About this exercise: Return each line of the listing that has the word "from" in it.

Data section:
------------
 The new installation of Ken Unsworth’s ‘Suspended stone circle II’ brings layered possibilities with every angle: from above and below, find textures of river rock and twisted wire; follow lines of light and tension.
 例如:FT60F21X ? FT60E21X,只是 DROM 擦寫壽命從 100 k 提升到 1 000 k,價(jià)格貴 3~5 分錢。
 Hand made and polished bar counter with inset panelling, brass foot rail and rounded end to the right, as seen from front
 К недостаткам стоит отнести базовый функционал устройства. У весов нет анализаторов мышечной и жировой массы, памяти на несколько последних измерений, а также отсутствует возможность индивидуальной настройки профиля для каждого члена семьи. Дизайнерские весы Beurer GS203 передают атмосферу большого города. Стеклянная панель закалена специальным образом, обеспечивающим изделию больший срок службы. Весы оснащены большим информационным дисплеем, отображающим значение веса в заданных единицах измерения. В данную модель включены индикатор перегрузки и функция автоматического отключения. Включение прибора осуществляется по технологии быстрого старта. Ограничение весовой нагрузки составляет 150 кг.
------------
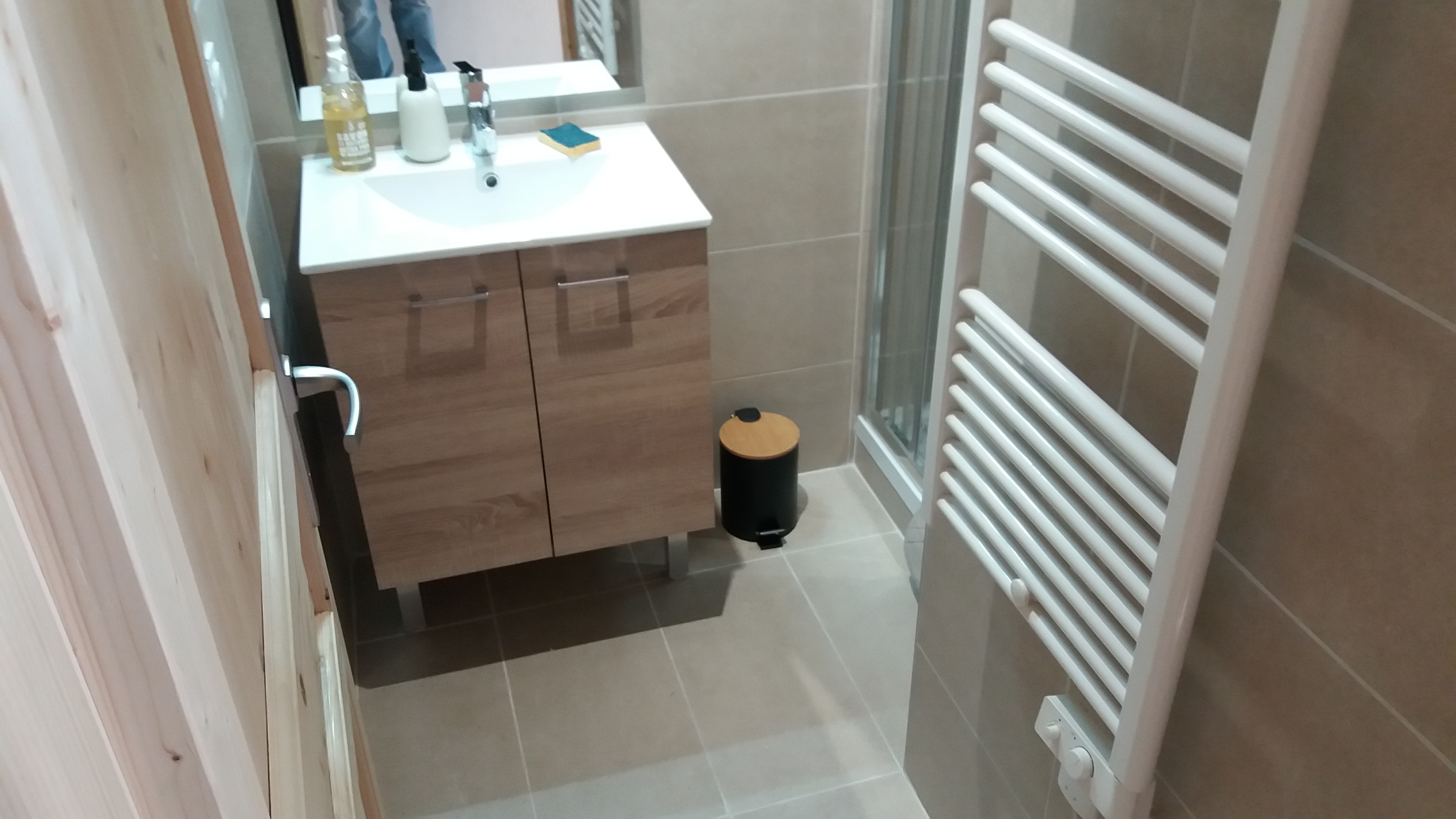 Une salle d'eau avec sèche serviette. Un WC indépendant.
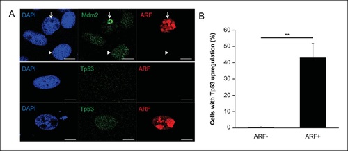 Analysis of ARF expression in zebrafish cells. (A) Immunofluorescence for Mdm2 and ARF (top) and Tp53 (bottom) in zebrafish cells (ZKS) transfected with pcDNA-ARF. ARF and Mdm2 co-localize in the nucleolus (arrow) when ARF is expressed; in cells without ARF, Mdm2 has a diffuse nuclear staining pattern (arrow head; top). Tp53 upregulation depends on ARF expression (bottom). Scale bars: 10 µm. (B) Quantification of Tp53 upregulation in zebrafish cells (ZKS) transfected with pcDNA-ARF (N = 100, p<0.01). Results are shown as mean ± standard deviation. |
------------
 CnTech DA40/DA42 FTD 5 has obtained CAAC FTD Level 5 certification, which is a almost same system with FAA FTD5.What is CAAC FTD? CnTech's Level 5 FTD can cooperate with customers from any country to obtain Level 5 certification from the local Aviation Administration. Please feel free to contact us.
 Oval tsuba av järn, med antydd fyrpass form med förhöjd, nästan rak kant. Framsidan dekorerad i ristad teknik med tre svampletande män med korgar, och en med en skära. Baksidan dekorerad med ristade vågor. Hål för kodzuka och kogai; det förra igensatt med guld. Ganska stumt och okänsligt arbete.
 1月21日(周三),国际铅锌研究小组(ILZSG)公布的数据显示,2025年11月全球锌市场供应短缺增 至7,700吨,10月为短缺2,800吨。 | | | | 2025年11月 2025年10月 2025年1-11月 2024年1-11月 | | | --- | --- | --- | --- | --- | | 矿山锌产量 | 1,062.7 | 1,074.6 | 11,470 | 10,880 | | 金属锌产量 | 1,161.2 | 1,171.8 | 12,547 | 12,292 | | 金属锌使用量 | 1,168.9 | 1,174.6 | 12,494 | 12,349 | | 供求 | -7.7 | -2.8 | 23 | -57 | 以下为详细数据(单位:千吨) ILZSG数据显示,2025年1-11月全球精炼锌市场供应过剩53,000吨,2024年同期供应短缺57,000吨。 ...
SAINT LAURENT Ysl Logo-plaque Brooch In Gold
------------
Reply:
 The new installation of Ken Unsworth’s ‘Suspended stone circle II’ brings layered possibilities with every angle: from above and below, find textures of river rock and twisted wire; follow lines of light and tension.
 Hand made and polished bar counter with inset panelling, brass foot rail and rounded end to the right, as seen from front
 CnTech DA40/DA42 FTD 5 has obtained CAAC FTD Level 5 certification, which is a almost same system with FAA FTD5.What is CAAC FTD? CnTech's Level 5 FTD can cooperate with customers from any country to obtain Level 5 certification from the local Aviation Administration. Please feel free to contact us.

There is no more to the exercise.